Y quizá cada uno tomara su corazón,
henchido, inflado, hinchado por la ira
y por el llanto y la desesperanza,
y lo arrojara desde su turbia torre de marfil,
como semilla grande para el florecer del héroe;
para alfombrar de púrpura valerosa el camino
que haya de pisar mañana el héroe verdadero.
¿Estás haciéndome caso?: el héroe verdadero.
El que lleva en las sienes una corona de espigas
y en el pecho un corazón de pan tranquilo y vigoroso.

Compréndeme ahora: se engañan  quienes creen
que sólo ante un lecho de muerte uno se despide
para siempre, de todo aquello que le es querido:
estoy vivo, y estás viva, y existe la esperanza,
pero tengo que despedirme de estas palabras mías
que no gritaré jamás, porque sólo soy un hombre.

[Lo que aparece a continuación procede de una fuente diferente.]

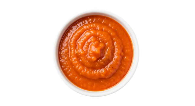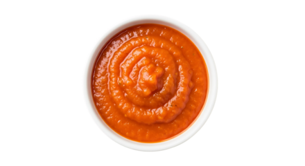 Tomato sauce in white bowl overhead view isolated on transparent background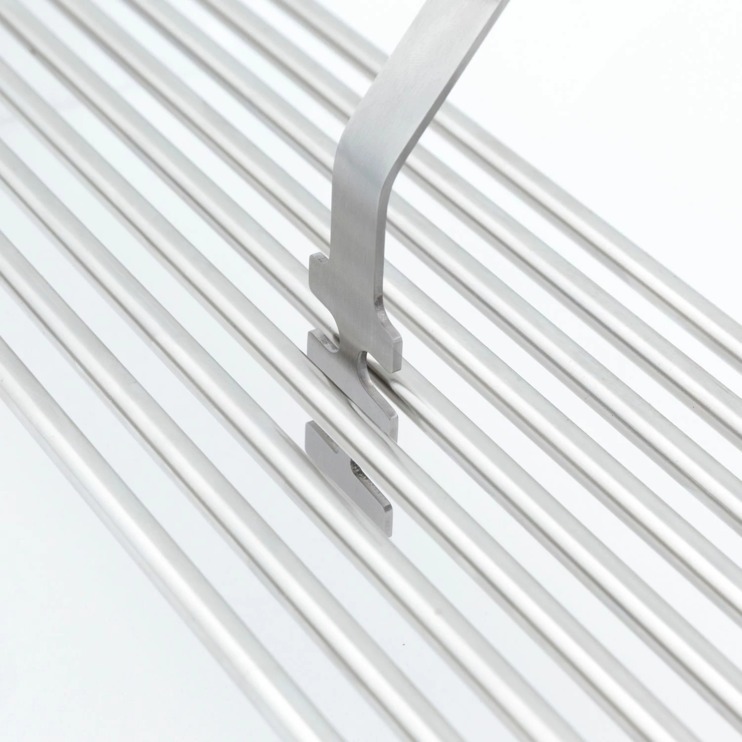 Der Broil King Grillrost Lifter ist ein sehr nützliches Werkzeug für den Umgang mit den neuen Broil King Narrow Einsätzen und ist auch speziell für diesen Einsatz konzipiert. Er erleichtert das Entfernen, Tauschen oder Umplatzieren der Einsätze enorm, kann aber auch mit anderen Grillrosten benutzt werden.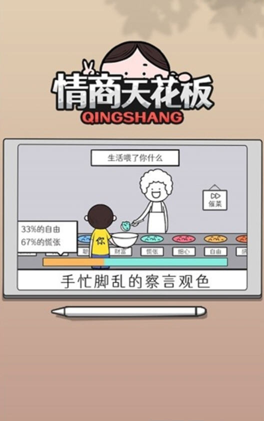 情商天花板无广告破解版是一款融合模拟经营与社交互动元素的休闲益智类手机游戏。游戏画面采用手绘卡通风格,设定丰富,玩家将扮演一个角色,通过沟通、理解和管理人际关系,不断提升自身的情商水平,解锁更多精彩剧情和游戏内容。

Pero ojalá llegue alguien que las arroje al aire:
ya sé que muchas serán arrastradas por el viento,
entonces, y que algunas caerán sobre las azoteas
y que lentamente irá secándolas el sol
y pudriéndolas la lluvia;
que otras quedarán sobre el asfalto de las calles
y que serán comida de los perros,
pero que una, la más limpia y serena de todas,
acunará la infancia del que estamos esperando.

Eso era todo lo que quería decirte.
Ahora voy a salir de nuevo a la calle:
deséame la mejor suerte,
y que tenga la fuerza de voluntad necesaria
para no dejarme acobardar, como ellos.